This morning a new pair of shoes arrived with the postman. So for a start, that’s a great reason to get out of bed. I unwrapped them with glee filled excitement to find a shoe box with a message:
I am a person who loves a coincidence and looks for weird and freaky happenstance at any opportunity. So in a week that thunder has kept me awake at least 3 times and a fortnight that has not been entirely brilliant, a serendipitous shoe box giving me words of wisdom feels like a good way to go in to the weekend. And it certainly made me smile. The shoe Gods are intervening, and I will take anything I can get.
Quick recap on the treatment saga. The second cycle of targeted therapy had to be delayed due to my white blood cell count falling below the required level. We eventually went ahead with the second cycle on a lower dose. The theory with this drug being that it will drop the cell count, so the dose is 3 weeks on, one week off. The week off is there to give the bone marrow a chance to recover and produce enough cells to start the next cycle. As we know, my body doesn’t seem to like convention. Last week I went to the treatment centre at the end of the 2nd cycle. The blood test showed the shite (for that is what they are now) cells to be lower than they have ever been: 1.5 with the neutrophils barely registering. That makes me neutropenic. I should tell you that it’s quite scary knowing your body has no resources to fight off the slightest cold, heal the tiniest scratch etc. That aside, given that was the start of the “off cycle” we all hoped that they would recover in the next week. Nobody will be surprised to hear that this week the shite cells were only at 2.1 with no increase on the neutrophils. The big man was called and he postponed treatment again and will drop the dose AGAIN when the count has gone up. It’s a very dull tale of hurry up and wait. I am frustrated that the treatment is not going according to plan. It is also concerning that 3 and half months after the secondary diagnosis I am only past the second cycle of treatment.

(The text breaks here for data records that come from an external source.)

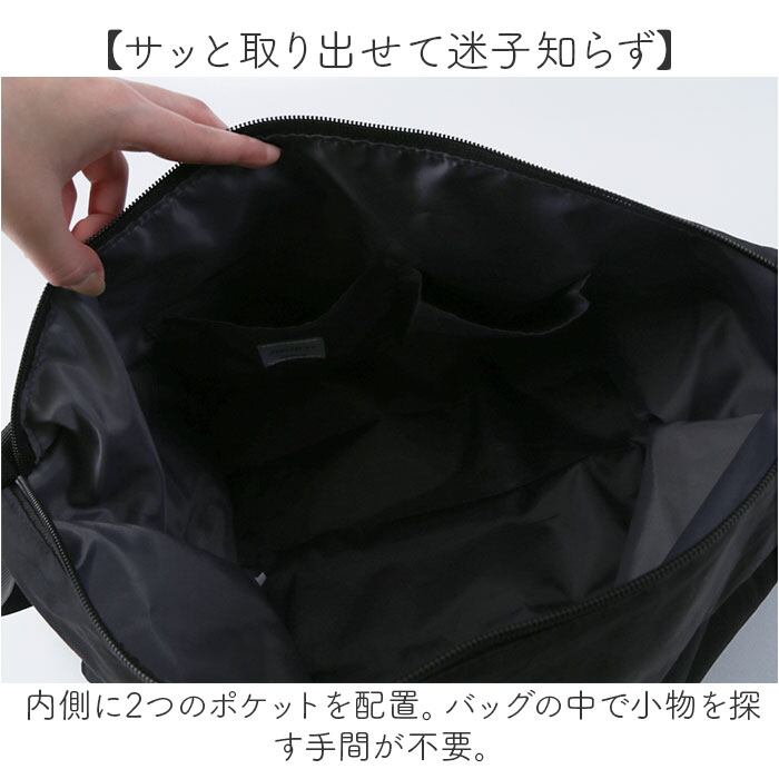・内側に2つのポケットを配置。バッグの中で小物を探す手間が不要。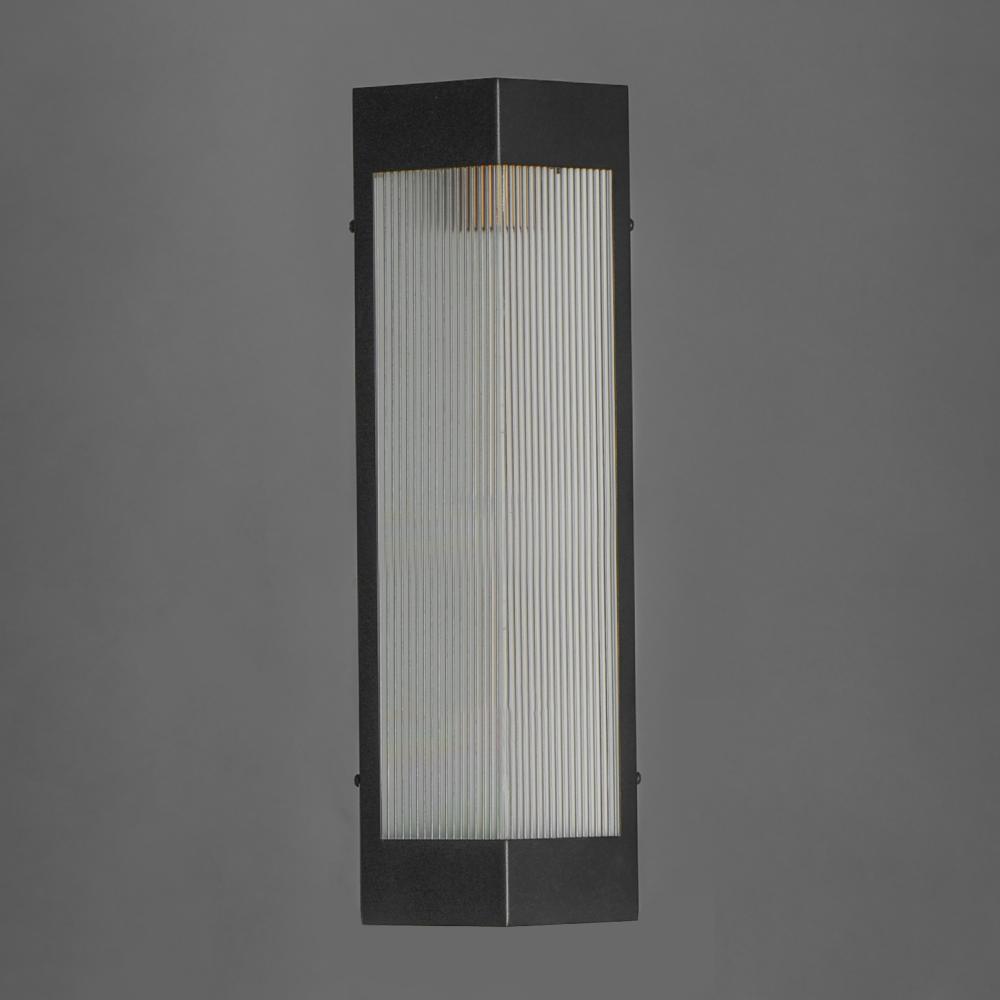 A transitional design suitable for both modern and more traditional applications, this outdoor series of lighting features Clear Ribbed glass that refracts the light source within triangular frames. A Black frame with warm Antique Brass light clusters with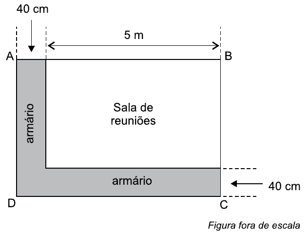 Em uma sala retangular ABCD, com 18,8 m de perímetro, foram colocados armários com 40 cm de profundidade, que ocuparam totalmente o comprimento de duas paredes consecutivas, conforme mostra a figura.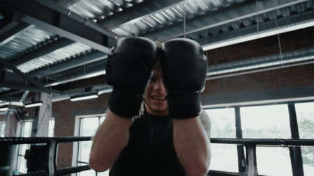 Closeup candid kickboxer training at gym. Portrait of focused sportsman boxing in sport club. Emotional fighter preparing to competition in fitness center.
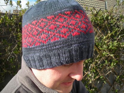 A cute little beanie knit in the round from the brim up. The colourwork is worked from a chart but it is a very simple pattern repeat and would be ideal for someone new to stranded colourwork.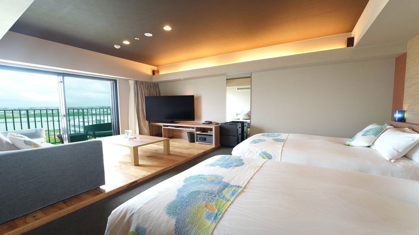 源泉かけ流し露天風呂が付いた洋室のお部屋。クワブフロアでワンランク上の寛ぎを。 部屋の広さはバルコニーを含んだ表記となっております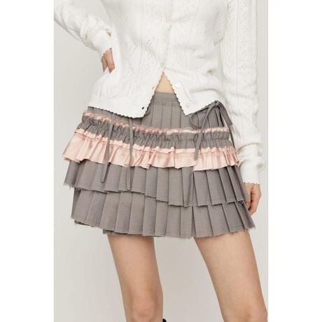 【WRAP PLEATED SKIRT】■POINT:大胆な異素材の切り替えと、アシンメトリーなレイヤードデザインが目を引くミニスカート。スーツ地にチュールやサテンを重ねた立体的なシルエットが、SLYらしいモード感と抜け感を演出します。ひと味違う着こなしが楽しめる、デザイン性たっぷりの主役アイテムです。■DETAIL:フロントにはボタンが施してあり、ウエストを斜めにクロスさせて巻きスカートとしての着用可能。インナーパンツ付きでミニスカートでも映える1枚です。サイドに施したリボンは、垂らしたり結んだり自由にアレンジ可能。動くたびにレイヤーが揺れて、表情豊かな仕上がりに。スーツ地素材を使用しているのでシーズンレスで着用可能なアイテムです。■STYLING:デニムやスウェットパンツに巻きスカートとしてレイヤードしたスタイリングが今季一押し。トップスにはカジュアルなスウェットやメンズライクなアウターと合わせたスタイリングがおすすめです。■FABRIC/MATERIAL:肌触りの良いスーツ地にポリエステルサテン・チュール素材をドッキングしました。■透け感:なし■光沢感:なし■伸縮性:なし■裏 地:インナーパンツあり●本品は裁ち切り始末にしています。着用や洗濯、クリーニングの繰り返しにより、ほつれが増したり、裁ち切り部分が丸まってくる事がありますので、ご了承下さい。ほつれが目立った際はほつれた糸を引っ張ったりせず、カットして下さい。●本品はプリーツ加工を施しています。・加工は着用や洗濯につれて徐々に減少していきますのでご了承下さい。・アイロンやスチームは当てないで下さい。・ドライヤーやストーブ等の熱が当たらないようにご注意下さい。・水洗い表示の際は、軽く押し洗いまたは振り洗いをして下さい。・洗濯後の脱水はネットに入れて短時間処理して下さい。またはタオルで押さえて水気を取って下さい。・洗濯後はすぐにプリーツが広がらないように干して下さい。・ドライ表示の際はクリーニング店へご依頼下さい。[注意事項]※画像の商品はサンプルです。実際の商品と仕様、加工が若干異なる場合があります。※画像の商品は光の照射や角度、お使いのモニター環境により、実物と色味が異なる場合がございます。※着用、お取り扱いの際は、アテンションタグをご確認ください。※一部予約商品につ
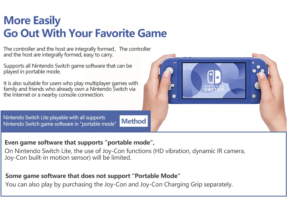 On Nintendo Switch Lite, the use of Joy-Con functions (HD vibration, dynamic IR camera,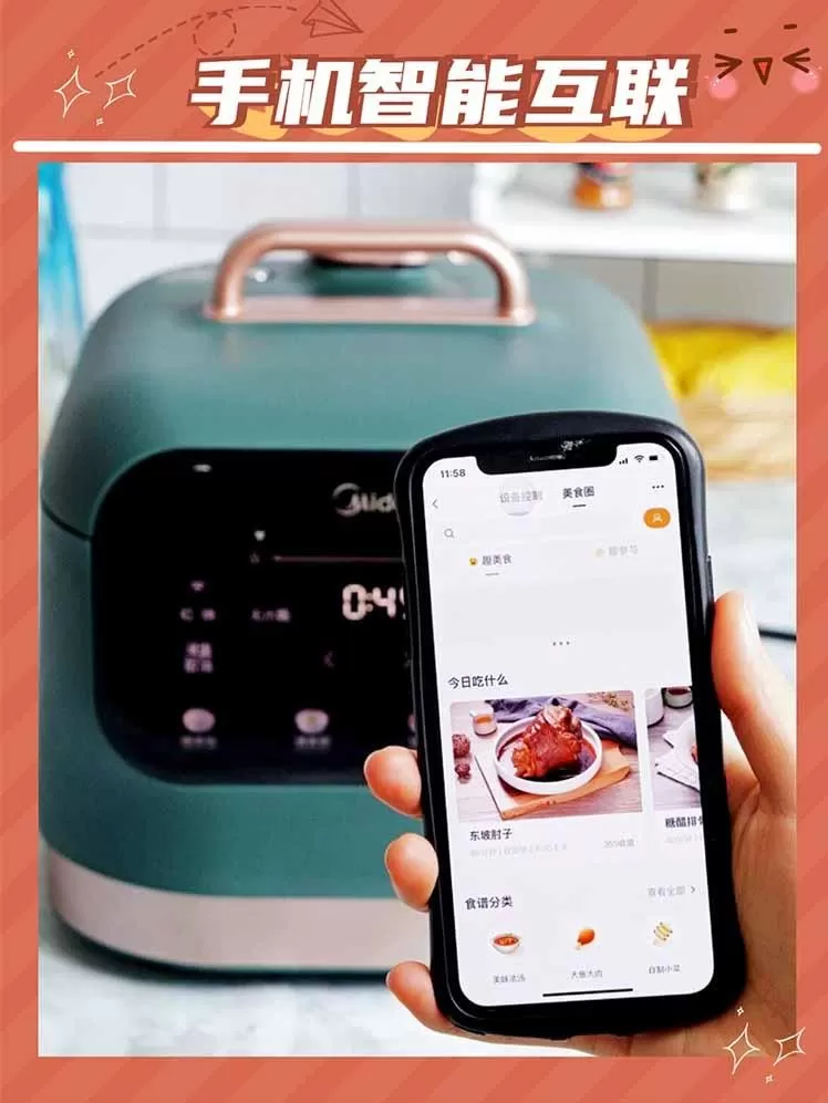美的迷你电压力锅MY-YL30M5-711具有70kpa高压快煮,能让热量穿透食材内部,激发食材营养,软化食材筋骨,还有开盖收汁能功能可以解锁,非常实用。连接智能APP,更是可以解锁海量食谱,丰富每一餐。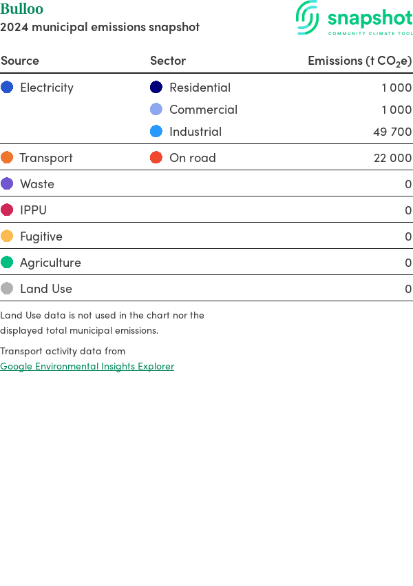 This report outlines the major sources of carbon emissions for the entire region (municipality, electorate, or state). Due to the approximate nature of the profile, the emission values are represented as rounded numbers. This report includes the following sources: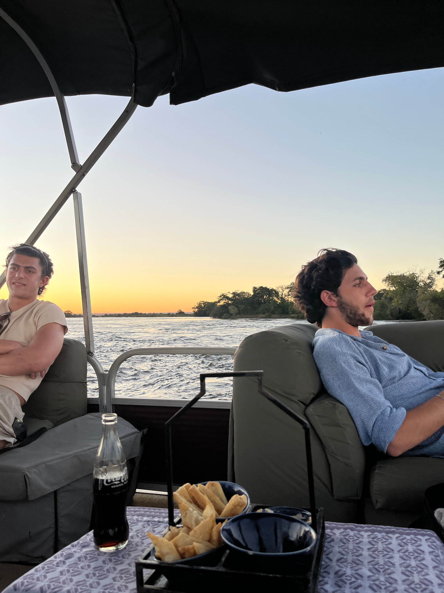 Two men are relaxing on a boat, possibly on the Zambezi River near Victoria Falls, Zimbabwe. The boat has cushioned seats and a canopy. One man is reclining in a chair looking up at the sky, wearing a…read more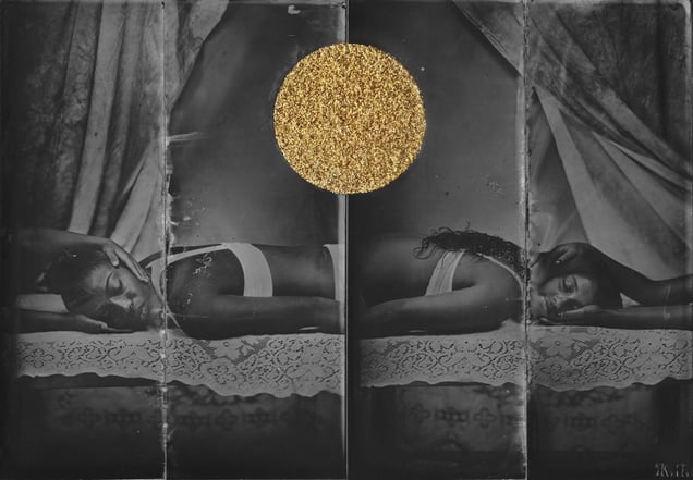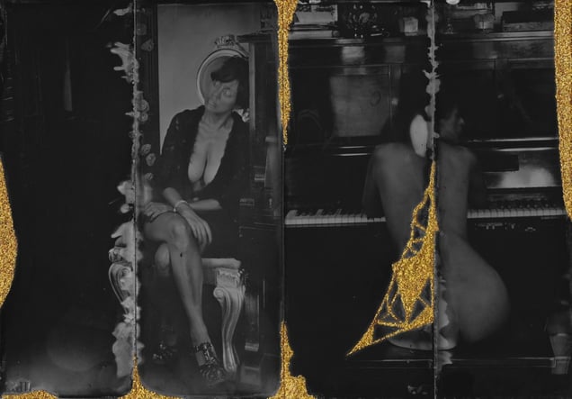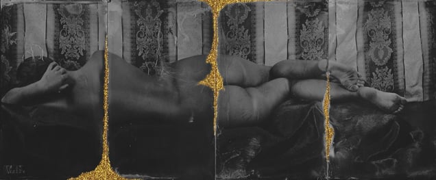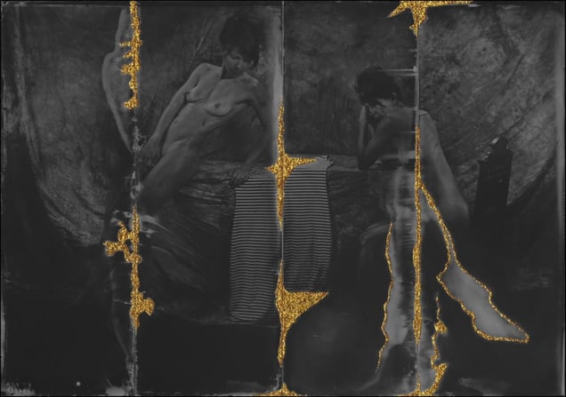 My series ''Golden Scars" came as inspiration from Kintsukuroi, Japanese art of repairing pottery with gold or silver lacquer and understanding that the piece is more beautiful for having been broken. I want to stimulate viewers to think, to make their own interpretations and associations. About who and what we are and why we act the way we do. I have been working on this series using an aluminum plates from the skip and photographing my subjecs by 80 years old Eastman Kodak large format camera, wet plate collodion Tintype process.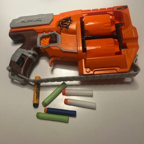Nerf Zombie Strike Hammershot blaster legetøjspistol i grøn, gul og sølv. Leveres med seks skumskud med blå spidser. Fremstillet i plastik. Egnet til leg og udendørs aktiviteter.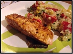 - Place rice beside salmon on plate

It scares me. The recovery isn’t quick enough and I keep being reminded that there is disease in my bones so they are not able to produce the cells efficiently. And I had radiotherapy. And and and blah blah blah. We will see what next week brings. If you are interested here is a short lesson in white blood cells.
On a more positive note, I have started having acupuncture for the hot flushes. My hope is that I can get a good night sleep without too many meltdowns. Because sleep fixes everything, right? I can’t have HRT or any of the natural remedies that many “power surging” women take because they are all based on increasing oestrogen, which is what feeds my tumours. The needles go in my feet, legs, stomach, hand and arm. It doesn’t hurt at all except when they have anything to do with the liver. I will have a few sessions and see how it goes but I am very optimistic and am really interested in a holistic approach to managing this.
Otherwise, I refuse to stay in and wrap myself up in cotton wool so the walks continue, between storms. The blossom and beauty at this time of year is just stunning. The peonies keep on coming. I have a family of baby swans tootling about outside my window. I totally loved the royal wedding. My ice cream addiction has given way to multiple afternoon teas. And I ain’t complaining. It’s June ~ and I bloody love June.